HM prohibited BoNT/AHCC from binding to SV2C. Molecular level: (A) SPR analysis HM competed with SV2C to bind to AHCc. SV2C was immobilized on the CM5 chip. Red: AHCC (400 nM) + HM (0 nM), green: AHCC (400 nM) + HM (31.25 nM), blue: AHCC (400 nM) + HM (62.5 nM), Purple: AHCC (400 nM) + HM (125 nM). The signal (Ru) was diminished with the increasing concentration of HM. Cell level: Cell fluorography showed the blockade of AHCc binding to cells by HM. Sample concentration: AHCC-Alexa Flour 488 (10 μg/mL), HM (10 μg/mL, 50 μg/mL, 100 μg/mL). (B) The relative fluorescence intensity of cells was decreased by HM. (C) The cell fluorescence intensity diminishes as the concentration of HM increases.(For interpretation of the references to color in this figure legend, the reader is referred to the Web version of this article.)

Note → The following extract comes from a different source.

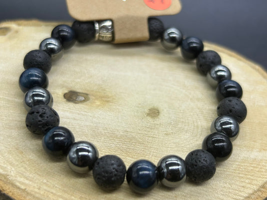Bracelet Hématite/Pierre de lave/Oeil de faucon

2.4. VHH inhibits botulinum toxin type A binding cells

To furtherly test our hypothesis at cellular level that HM inhibited the binding of BoNT/AHCC to SV2C on host cells, we chosen Neuro-2a cells to detect the binding of AHCC by immunostaining analysis. Alexa Flour 488 conjugated AHCC was incubated with Neuro-2a and AHCC was able to bind to the cells. However, the binding was blocked by the addition of HM at a range of concentrations, for the fluorescence intensity was decreased significantly on a dose-dependent manner, indicating that HM could block the binding of AHCC to the receptors on neurons in vitro (Fig. 6B and C).

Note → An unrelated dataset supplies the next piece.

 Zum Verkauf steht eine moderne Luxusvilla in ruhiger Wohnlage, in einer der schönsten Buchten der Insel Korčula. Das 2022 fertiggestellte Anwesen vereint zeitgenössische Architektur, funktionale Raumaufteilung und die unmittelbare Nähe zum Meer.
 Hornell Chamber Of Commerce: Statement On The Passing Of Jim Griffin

2.5. VHH neutralized toxin poisoning in mice

To further verify the neutralizing effect of VHHs against botulinum toxin type A, CD-1 female mice were selected for in vivo assays poisoned with BoNT/A. LD100 of botulinum toxin type A was injected intraperitoneally as the control group, while different concentrations of the antibody were mixed with toxin and incubated at room temperature for 30 min before intraperitoneal injection in the experimental groups. As shown in Fig. 7A and B, HM (0.05–5 mg/kg) effectively protected all mice from death.

Fig. 7.

Fig. 7

BoNT/A intoxication is prevented by administering VHH in mice model. Lethality of BoNT/A intoxication was monitored by administration of HM. Mice (n = 5) were exposed to 2 LD50 of BoNT/A in a series of HM, (A) 0.25 mg/kg-5 mg/kg, (B) 50 μg/kg-200 μg/kg, and mice in all groups could be protected. (C) Survival of mice administered HM with high dose of 10 mg/kg, and challenged with a series of lethal dose of BoNT/A (2 LD50, 20 LD50, 200 LD50).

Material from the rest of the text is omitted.